Dans le cadre d’un e-zine (magazine électronique) comme MacPlus dont la volonté affichée est de promouvoir et de défendre le Mac, il est important d’apporter des réponses à ces questions pour donner des arguments objectifs à chacun. d’entre nous pour répondre aux provocations et aux agressions de l’Empire de l’Ombre.

Les benchmarks ont deux objets fondamentaux : le marketing et l’évaluation des choix techniques. Le deuxième objectif, primordial pour les constructeurs, est totalement escamoté par les média au profit du premier, c’est pourquoi il convient tout d’abord de rétablir certaines vérités relatives aux tests effectués à des fins marketing, puis de comprendre pourquoi les tests techniques sont fondamentaux pour l’utilisation quotidienne des machines et des programmes.

Benchmarks : de qui se moque-t-on ?
Le 28 avril dernier, le Monde de l’Informatique a révélé les pratiques de Microsoft relatives aux benchmarks qu’il a l’habitude de commander à la société MindCraft et la manière dont celle-ci truque les tests pour présenter des résultats favorables à son client. De la même manière Intel a pour constante de “truquer” ses benchmarks pour donner des résultats théoriques qui n’ont strictement rien à voir avec la réalité. Il existe en effet deux manières d’optimiser les tests : l’utilisation de “hot-boxes” (machines expérimentales) et l’optimisation des compilateurs pour favoriser telle ou telle performance.

Dans le “Microprocessor Report” du 2 octobre 1995, à l’occasion du lancement du Pentium 120, Intel annonçait des performances de 140 SpecInt et 105 SpecFP pour son processeur. Dans le même temps, le meilleur PC de l’époque un Dell, utilisant ce processeur avec 256 ko de cache L2 et de la mémoire EDO affichait un SepcInt de 120 et un SpecFP de 90 soit environ 17% de moins que les résultats annoncés par Intel. De plus, cette machine constituait le haut de gamme utilisé pour les serveurs départementaux et était loin des performances accessibles au commun des mortels. A cette époque, la mémoire EDO était hors de prix, l’utilisateur moyen utilisant plutôt des mémoires FMP et se passait souvent de cache L2. Sur une machine de bureautique standard (Compac DeskPro) les performances passaient alors à un SpecInt de 107 et un SpecFP de 78, soit 30% de moins que les performances théoriques.

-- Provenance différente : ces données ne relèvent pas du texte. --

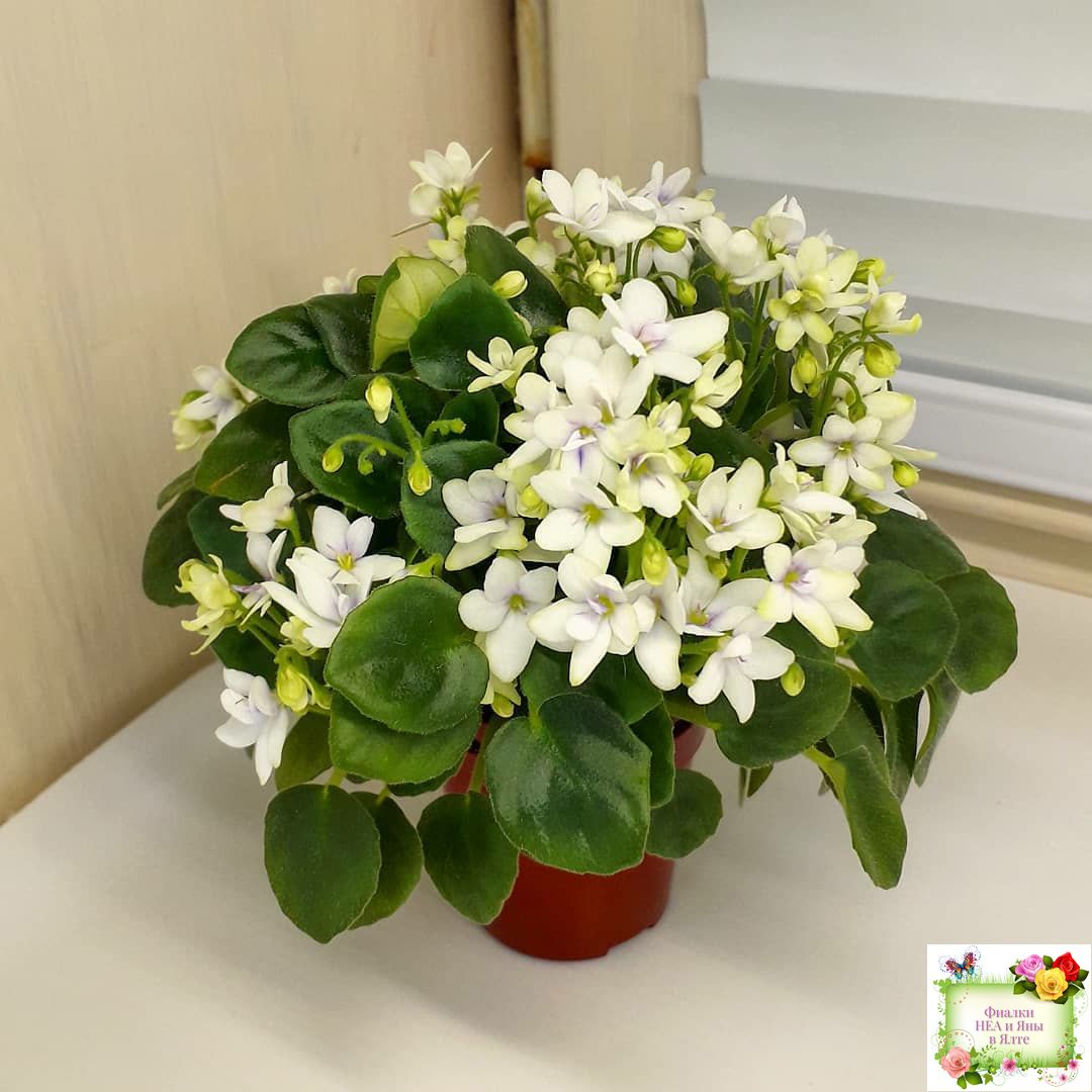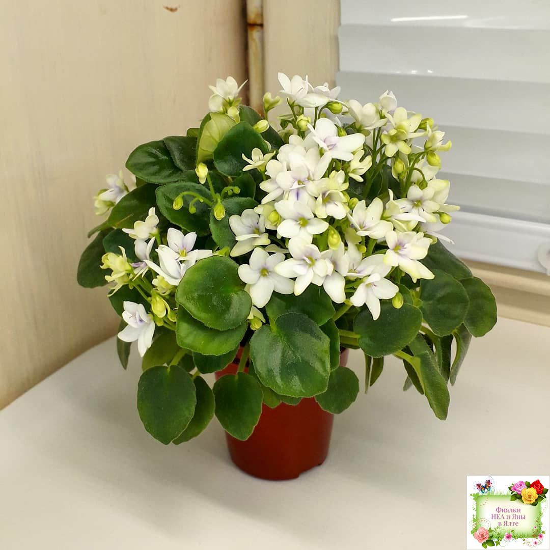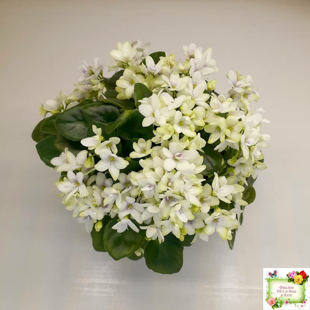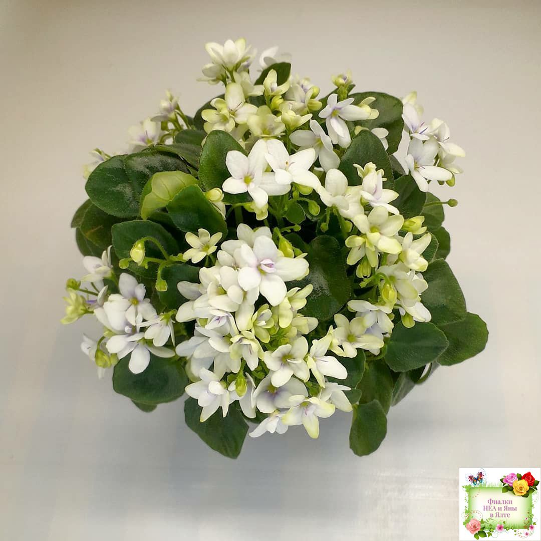 White semidouble blooms with lavender eyes. Semiminiature, medium green, pointed foliage.

Intel mentait-il ? Non. Les performances annoncées étaient bien les limites THORIQUES de son processeur. Mais il se moquait du monde car pour établir ces chiffres, il utilisait une machine expérimentale hors de portée du public soit parce que les composants utilisés n’étaient pas disponibles sur le marché (prototypes) soit hors de prix, même pour des machines haut de gamme. Pour le Pentium Pro, Intel est même allé jusqu’à effectuer ses benchmarks avec une puce équipée d’un cache L2 de 1 Mo fabriquée à quelques centaines d’unités (pour éviter des poursuites pour publicité mensongère) alors que les processeurs vendus sur le marché étaient équipés de 256 Ko ou de 512 Ko de cache.

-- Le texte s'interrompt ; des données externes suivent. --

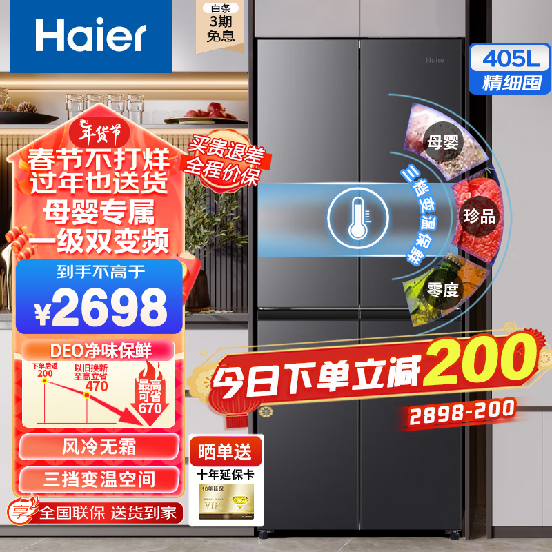 海尔(Haier)405升专属母婴空间冰箱十字对开门多门四门一级能效双变频风冷无霜电冰箱超薄机身智能双变频价格:2698.00元!
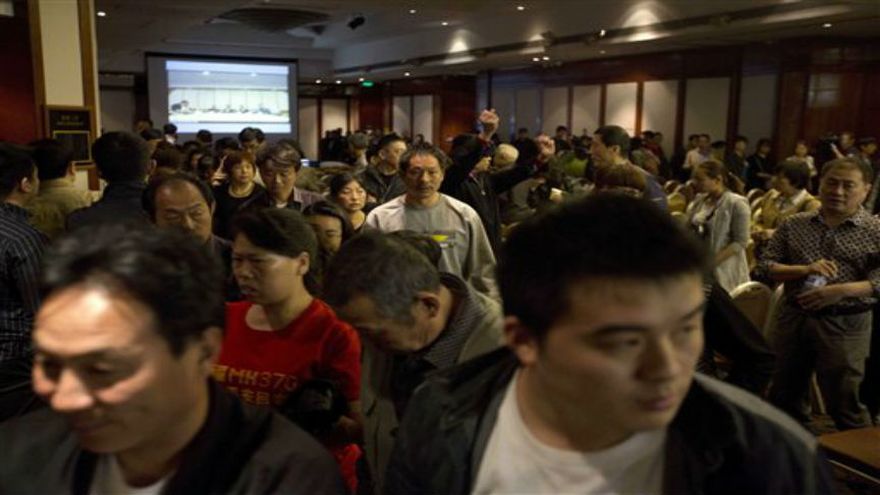 Mientras un robot sumergible descendía en el océano en un intento para localizar restos del avión perdido de Malaysia Airlines, más de cien familiares de los pasajeros chinos protestaron airadamente en una teleconferencia el miércoles contra el gobierno malasio por falta de comunicación y por la tardanza en responder a sus demandas.En tanto, en el océano Índico el sumergible Bluefin 21 volvió a salir a la superficie antes de tiempo por segunda vez en igual número de misiones, esta vez porque experimentó dificultades técnicas.En la superficie del océano, 14 aviones y 11 barcos continuaban el miércoles la búsqueda en una franja de 62.000 kilómetros cuadrados (24.000 millas cuadradas) de mar a unos 2.200 kilómetros (1.400 millas) al noroeste de Perth.Los miembros de las familias de los pasajeros chinos desaparecidos se habían congregado en una sala de reuniones en un hotel en Beijing, donde Malaysia Airlines les ha facilitado alojamiento y comida.Los familiares de los pasajeros han solicitado reuniones con directivos de Boeing y Rolls-Royce, los fabricantes del avión y de los motores respectivamente.El Boeing 777 desapareció el 8 de marzo con 239 personas a bordo cuando viajaba de Kuala Lumpur, Malasia, a Beijing (Pekín). La información de satélite y radar muestra que el aparato se desvió de su curso por razones desconocidas y posiblemente se quedó sin combustible en el sur del océano Pacífico, al oeste de Australia
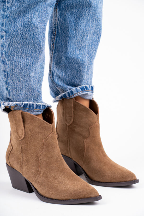 Brązowe botki kowbojki damskie ze skóry naturalnej

La seconde technique pour “gonfler” les benchmarks consiste à optimiser les compilateurs utilisés pour effectuer les tests. Pour cela Intel a créé un compilateur spécial appelé “Intel Reference Compiler”. Il s’agit d’un compilateur spécialement conçu pour les tests de performance, un peu comme les moteurs de F1 utilisés pour les séances de qualification. Ces moteurs, poussés à leurs extrêmes limites permettent des performances optimum pendant quelques tours de piste, mais ne tiennent en aucun cas la distance d’une course entière… et surtout, ils n’équiperont pas la voiture de Monsieur Tout-Le-Monde. De fait, ce compilateur n’est pas utilisable pour écrire des applications car il nécessite une telle optimisation du code qu’il décuplerait les temps de développement.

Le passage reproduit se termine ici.